It took thousands of years before people who had no useful skills realized they could earn money by wearing nice clothes and designing deceptive brochures.
–The Joy of Work by Scott Adams
If the corporate world ran as Scott Adams described it to me (and I’m still convinced it does), the Marketing Department would have to be the most social group in every company. A place where ‘people’ people engage in study groups discussing how their company’s products can make your life fulfilled. This is where social got is legs, where the idea of a conversation with the customer was invented. This is where the consumer is king and their voices are heard. At least, that’s what the marketing textbooks say.
So why do I get the impression that few people, myself very much included, really understand what Social Media Marketing is all about? Thankfully Ajit Jaokar has an article that has started me on the journey of understanding by framing some of the things I know I don’t understand. I will admit, it took me a couple reads to absorb what Ajit is saying here, but it was worth the effort to get my head around it and to see things from his perspective. Here are some of my takeaways
- Social Media Marketing is not the same thing as Social Media Advertising. The latter is placing ads for the social community while the former is starting a conversation with that community and seeing where it is going. SMM can and will have a SMA element, but SMM is far more ambitious and advanced.

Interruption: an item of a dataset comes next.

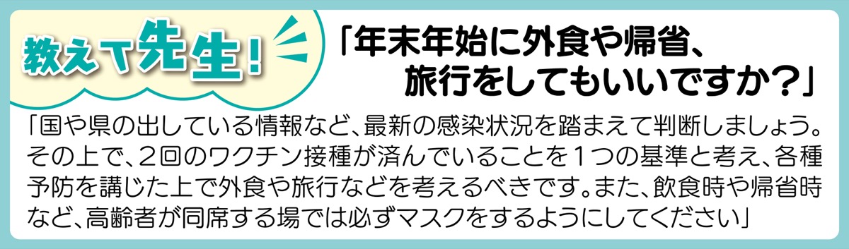 「基本的には3密(密集・密接・密閉)を避けること。手洗い(消毒)、うがいをしっかり行うこと。免疫力を高める健康的な生活を送ることが大事ですが、現時点ではワクチン接種が一番の予防法になります」

- You can’t translate traditional ideas like CPM into Social Media Marketing, they just don’t apply. You need to find new metrics to judge when you are succeeding and when you are missing your targets.
- The idea that someone could sit on the sidelines and monitor all the little feeds of information in a social graph for a brand, even potentially alter the conversation’s direction, is wicked cool. I wonder how close some of the huge brands like Coke or Nike or Apple are getting to doing just this kind of work.
- A brand can serve the conversation by giving it focus. Three ideas for this are listed as ‘Information’, ‘entertainment’, and ’cause’. I’ve seen all three of these methods used in social advertising and never realized it at the time.
- You could do some amazing things with the right data and a rapid response cycle. Just imagining the short side potential of keeping advertising tied to Social Media’s latest feedback would be enormously effective. Every ad would hit the right message, every campaign would be topical and fresh. I’m sure there would be times when this would backfire, but the upside is enormous.